50 Jahre Wassersportclub Gifhorn - das Jubiläum nahm der rund 300 Mitglieder zählende Verein am Samstagabend zum Anlass für eine Neuauflage seines früher so beliebten Balls. Gut 100 Gäste fanden sich zu Abendessen und Tanzvergnügen im Isenbütteler Hof ein.

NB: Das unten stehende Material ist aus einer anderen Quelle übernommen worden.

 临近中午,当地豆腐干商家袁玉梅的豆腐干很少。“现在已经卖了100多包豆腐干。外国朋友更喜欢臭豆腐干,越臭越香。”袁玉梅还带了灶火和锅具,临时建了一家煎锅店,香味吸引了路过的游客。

Früher war das Vereinsgewässer im Harz

14 Männer und eine Frau haben den WSC am 17. Oktober 1969 im Deutschen Haus in Gifhorn ins Leben gerufen, damals noch unter dem Namen Gifhorner Yachtclub. Das Vereinsgewässer war zunächst nicht mal eben um die Ecke: „Es war anfangs die Innerste-Talsperre im Harz“, erzählte Karsten Wulfes. Richtig durchgestartet ist der WSC erst, als man sich 1976 den 62 Hektar großen Tankumsee als Revier erschloss. Der war beim Bau des Elbeseitenkanals entstanden und am Ufer steht seit 1983 auch das Vereinsheim des Wassersportclubs. Davor nutzte man den Schlosssee - und für viele wohl kaum vorstellbar - sogar den Waldsee für Segelsport.

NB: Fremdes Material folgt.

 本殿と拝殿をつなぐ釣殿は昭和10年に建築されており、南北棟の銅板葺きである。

Große sportliche Erfolge gefeiert

Ende der 1980 Jahre erreichte man in der „bewegten Vereinsgeschichte“ den Höchststand an Mitgliedern: 370. Man feierte in den 80er und 90er Jahren große sportliche Erfolge in den Solisten-, Europes- und Laser-Klassen. Mitte der 1980er holten Sportler des WSC den Admirals Cup für Deutschland, auch von der Kieler Woche kehrte man in mehreren Klassen siegreich zurück. Heute mischt gut die Hälfte der Mitglieder im Segelsport aktiv und nach wie vor erfolgreich mit, darunter 40 Kinder und Jugendliche. Der Nachwuchsarbeit gilt seit je her besonders großes Augenmerk im Wassersportclub.

Auszeichnungen vom Segelverband

Die Ausbildung im WSC Gifhorn ist von höchster Qualität. Das hat der Deutsche Segelverband dem Verein 2007, 2014 und zuletzt 2017 bescheinigt. „Diese Auszeichnungen sind keineswegs alltäglich“, betonten Vorsitzender Wulfes und auch Schatzmeister Ernst-Dieter Prilop. Jungen Sportlern ermöglicht der WSC zudem die Teilnahme an der einen oder anderen Regatta entlang der Nord- und Ostseeküste. „Dafür sind teils happige Startgelder fällig. Das können sich junge Leute, die noch in der Ausbildung oder im Studium sind, nicht mal ebenso leisten“, sagte Prilop.

Engagierte Mitglieder ausgezeichnet

Das sportlich und gemeinschaftlich herausragende Vereinsleben verdankt man maßgeblich vielen engagierten Mitgliedern. Stellvertretend zeichnete Vorsitzender Wulfes drei davon am Samstagabend aus: Friedrich Hüttel, Dr. Rolf-Joachim Müller und Ernst-Dieter Prilop. Hüttel ist 49 Tage nach der Vereinsgründung eingetreten. „Der WSC ist seitdem seine zweite Familie“, sagte Wulfes. Müller setzt sich so sehr in der Ausbildung ein, dass ihm „im Grunde jeder von uns seinen Segelschein zu verdanken hat“, erklärte er. Und Prilop steht wie kaum ein zweiter mit Pioniergeist und Idealismus seit mehr 25 Jahren für starkes ehrenamtliches Wirken im Vorstand, lobte der WSC-Chef.

Tombola und Tanz

Aufs Abendessen - vorweg Suppe, dann warmes Buffet - folgten Tombola und Tanzvergnügen beim Jubiläumsball. Die Preise hatte die Triangelerin Brigitte Pauli bei Geschäftsleuten in und um Gifhorn eingeworben. „Es ist so toll, wie groß die Spendenbereitschaft war“, wies Pauli auf tolle Gewinne wie ein Wochenende mit einem Audi R8 oder bei der Hanse Sail in Rostock hin. Der Erlös war übrigens für die AZ-Aktion „Helfen vor Ort“ bestimmt.

Zum Tanz spielte die Band Hobbit aus Scheppau auf. „Wir waren schon früher immer mit dabei. Es ist toll, wieder hier zu sein“, freute sich Sänger, Moderator und Percussionist Wolfgang auf ein Wiedersehen mit vielen alten Bekannten. Zusammen mit Sängerin Diana, Keyboarder und Gitarrist Hans-Peter sowie Sänger und Gitarrist Marius legte er kräftig los. So waren die 100 Segelsportler auch auf der Tanzfläche hart am Wind unterwegs.